→ **About this exercise**
What you give back from the listing below should be an exact copy of the lines from the one with "Zaradi nepredvidljivih vremenskih" down to the one with "Wieder auf der", and it should contain no pictures.

→ **Material provided**
'''

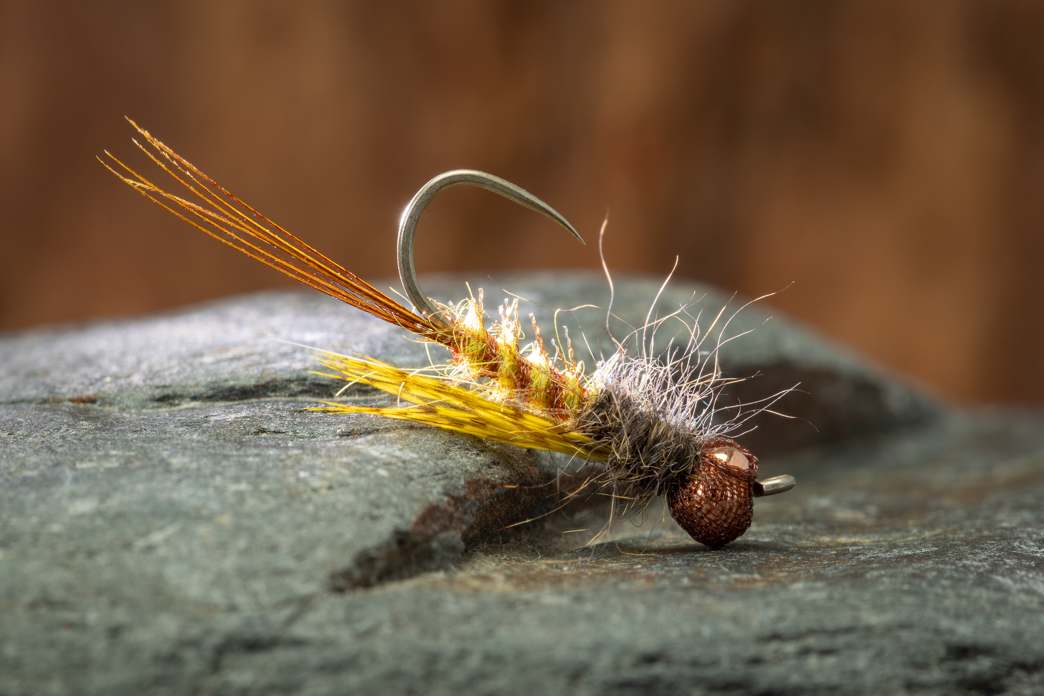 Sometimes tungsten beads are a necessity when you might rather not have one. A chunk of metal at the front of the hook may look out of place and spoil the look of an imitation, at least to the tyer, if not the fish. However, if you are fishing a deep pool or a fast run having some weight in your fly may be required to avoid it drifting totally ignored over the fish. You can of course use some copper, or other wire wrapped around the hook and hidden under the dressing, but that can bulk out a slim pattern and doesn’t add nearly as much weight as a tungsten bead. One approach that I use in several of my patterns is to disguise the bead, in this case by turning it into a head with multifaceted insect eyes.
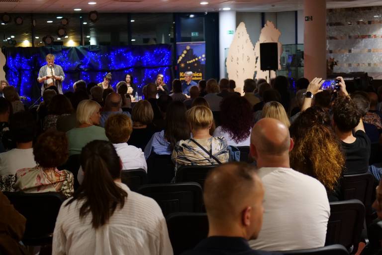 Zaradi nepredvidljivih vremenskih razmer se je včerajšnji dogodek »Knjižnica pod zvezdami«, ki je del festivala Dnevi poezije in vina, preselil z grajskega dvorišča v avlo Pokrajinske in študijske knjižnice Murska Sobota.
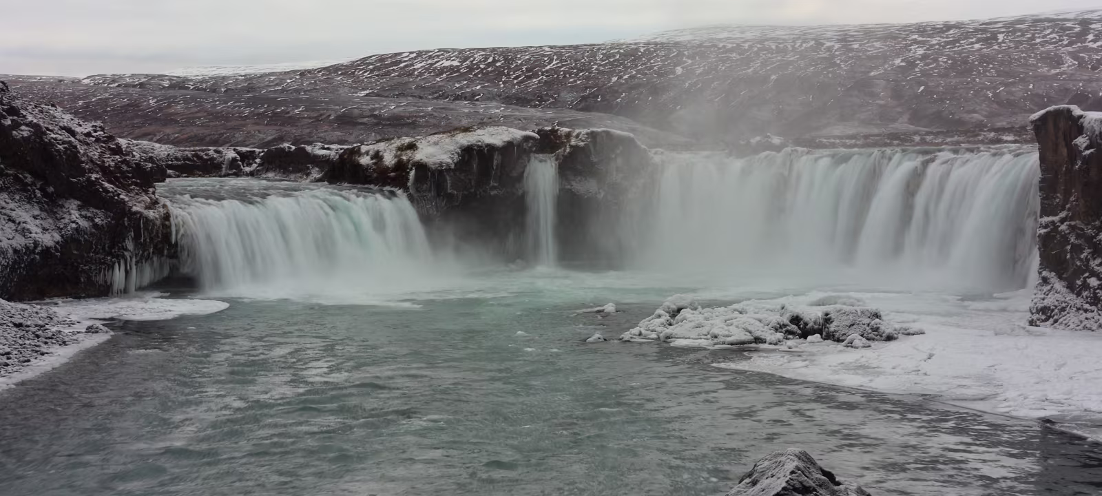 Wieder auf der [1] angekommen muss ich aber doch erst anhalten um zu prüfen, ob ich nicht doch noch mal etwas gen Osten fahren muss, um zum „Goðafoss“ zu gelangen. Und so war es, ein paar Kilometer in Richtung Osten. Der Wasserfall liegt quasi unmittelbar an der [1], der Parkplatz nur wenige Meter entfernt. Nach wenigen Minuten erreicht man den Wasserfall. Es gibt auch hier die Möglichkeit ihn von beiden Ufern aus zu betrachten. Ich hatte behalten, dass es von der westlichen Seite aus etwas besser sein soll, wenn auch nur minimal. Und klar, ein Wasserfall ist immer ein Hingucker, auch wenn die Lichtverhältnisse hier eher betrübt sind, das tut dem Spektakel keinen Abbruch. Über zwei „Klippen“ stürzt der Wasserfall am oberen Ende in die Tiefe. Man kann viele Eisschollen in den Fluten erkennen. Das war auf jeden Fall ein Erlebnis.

'''
'''

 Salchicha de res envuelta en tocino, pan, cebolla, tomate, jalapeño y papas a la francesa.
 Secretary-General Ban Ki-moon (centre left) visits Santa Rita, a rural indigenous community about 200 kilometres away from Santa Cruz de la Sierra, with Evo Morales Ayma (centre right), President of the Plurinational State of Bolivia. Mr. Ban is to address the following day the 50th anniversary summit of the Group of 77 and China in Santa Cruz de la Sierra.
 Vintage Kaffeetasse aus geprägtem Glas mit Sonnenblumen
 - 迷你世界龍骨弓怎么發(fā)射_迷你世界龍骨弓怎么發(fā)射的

'''
'''

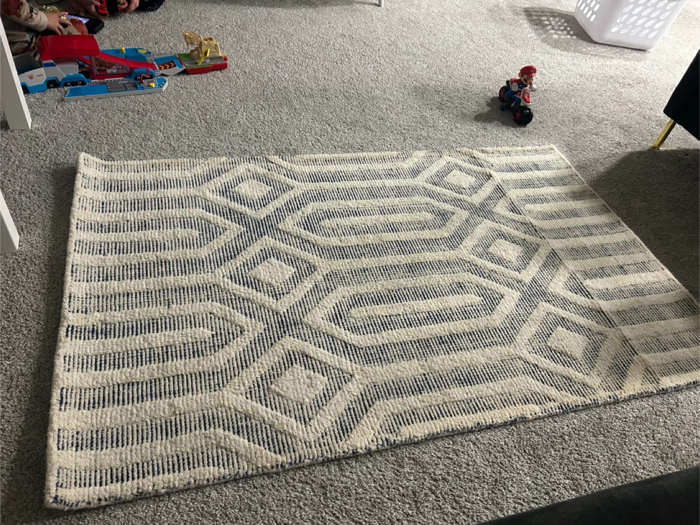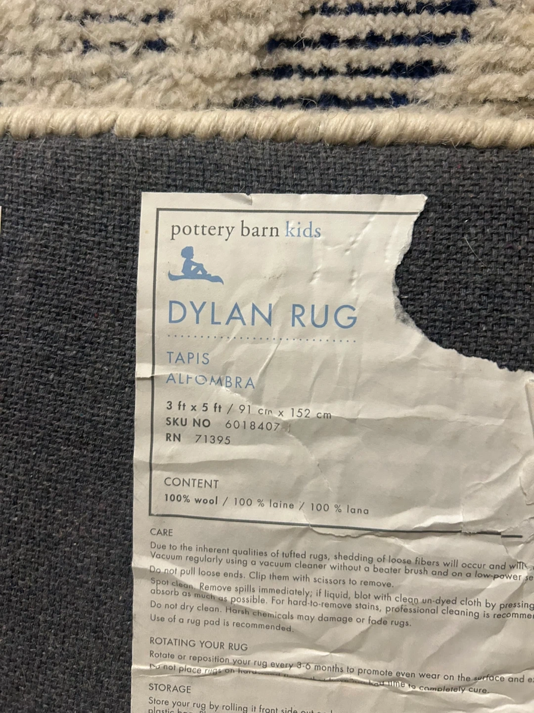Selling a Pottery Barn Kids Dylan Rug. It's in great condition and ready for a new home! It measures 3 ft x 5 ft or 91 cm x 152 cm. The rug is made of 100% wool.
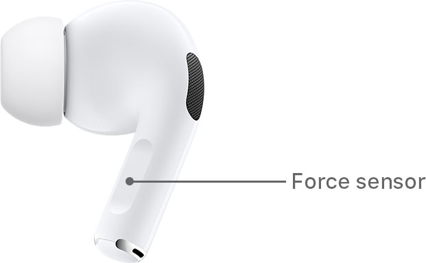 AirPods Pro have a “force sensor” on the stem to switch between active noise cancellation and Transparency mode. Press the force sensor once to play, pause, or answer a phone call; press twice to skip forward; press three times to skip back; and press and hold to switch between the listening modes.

'''

→ **Answer for this exercise**
 Zaradi nepredvidljivih vremenskih razmer se je včerajšnji dogodek »Knjižnica pod zvezdami«, ki je del festivala Dnevi poezije in vina, preselil z grajskega dvorišča v avlo Pokrajinske in študijske knjižnice Murska Sobota.
 Wieder auf der [1] angekommen muss ich aber doch erst anhalten um zu prüfen, ob ich nicht doch noch mal etwas gen Osten fahren muss, um zum „Goðafoss“ zu gelangen. Und so war es, ein paar Kilometer in Richtung Osten. Der Wasserfall liegt quasi unmittelbar an der [1], der Parkplatz nur wenige Meter entfernt. Nach wenigen Minuten erreicht man den Wasserfall. Es gibt auch hier die Möglichkeit ihn von beiden Ufern aus zu betrachten. Ich hatte behalten, dass es von der westlichen Seite aus etwas besser sein soll, wenn auch nur minimal. Und klar, ein Wasserfall ist immer ein Hingucker, auch wenn die Lichtverhältnisse hier eher betrübt sind, das tut dem Spektakel keinen Abbruch. Über zwei „Klippen“ stürzt der Wasserfall am oberen Ende in die Tiefe. Man kann viele Eisschollen in den Fluten erkennen. Das war auf jeden Fall ein Erlebnis.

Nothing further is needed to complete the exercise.